Exercise input:
****************

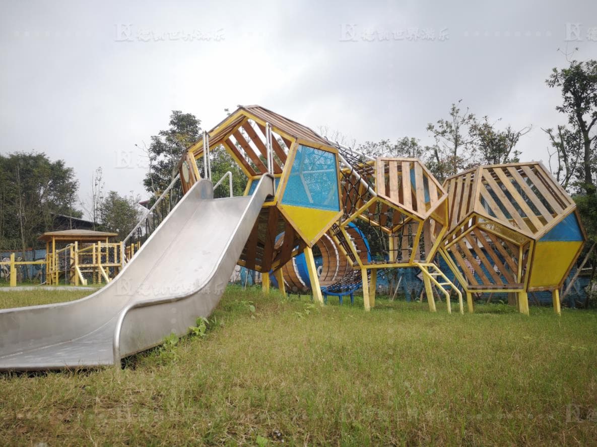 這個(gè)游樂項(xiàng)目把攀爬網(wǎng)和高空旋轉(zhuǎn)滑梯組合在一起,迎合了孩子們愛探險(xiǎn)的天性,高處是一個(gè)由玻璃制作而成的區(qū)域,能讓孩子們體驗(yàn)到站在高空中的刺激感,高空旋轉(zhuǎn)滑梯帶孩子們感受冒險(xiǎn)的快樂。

****************

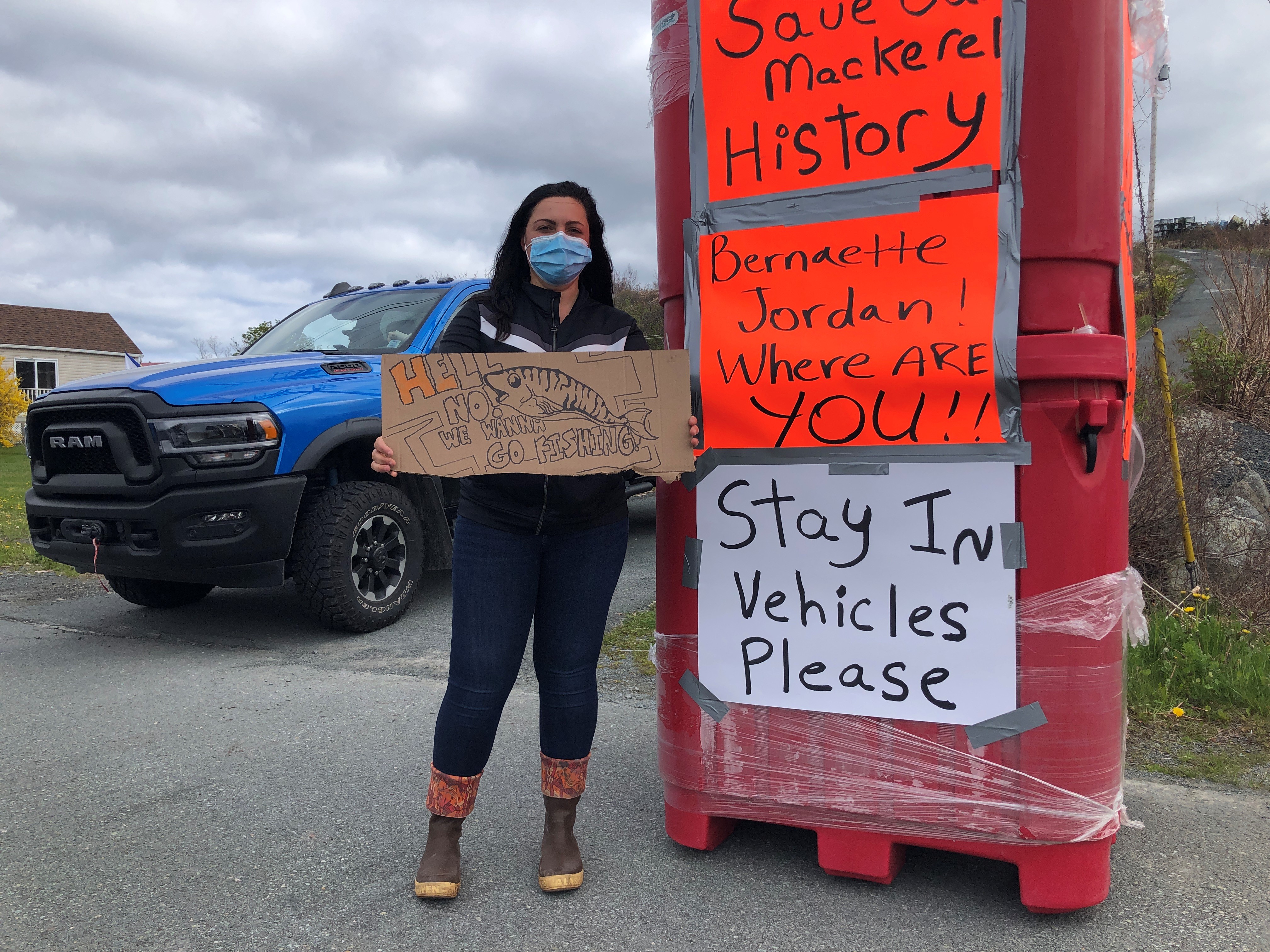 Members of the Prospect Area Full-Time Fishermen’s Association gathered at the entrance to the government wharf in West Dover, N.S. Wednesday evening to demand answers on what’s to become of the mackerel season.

****************

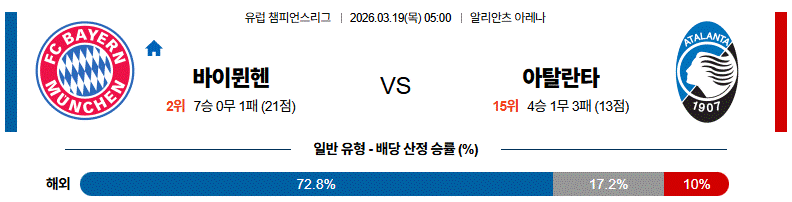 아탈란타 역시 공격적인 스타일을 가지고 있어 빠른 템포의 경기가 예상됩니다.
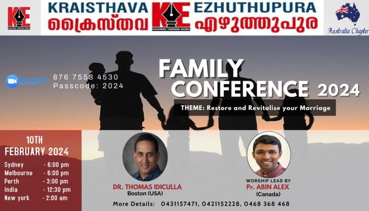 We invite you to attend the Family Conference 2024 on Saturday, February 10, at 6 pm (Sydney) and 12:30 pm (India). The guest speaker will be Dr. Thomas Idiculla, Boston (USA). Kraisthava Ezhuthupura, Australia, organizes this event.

****************

What the task asks: Write out, word for word, the stretch of entries that begins at the line with "아탈란타 역시 공격적인 스타일을 가지고 있어 빠른 템포의 경기가 예상됩니다." and ends at the line with "We invite you". Pictures do not belong in it.

Response area:
 아탈란타 역시 공격적인 스타일을 가지고 있어 빠른 템포의 경기가 예상됩니다.
 We invite you to attend the Family Conference 2024 on Saturday, February 10, at 6 pm (Sydney) and 12:30 pm (India). The guest speaker will be Dr. Thomas Idiculla, Boston (USA). Kraisthava Ezhuthupura, Australia, organizes this event.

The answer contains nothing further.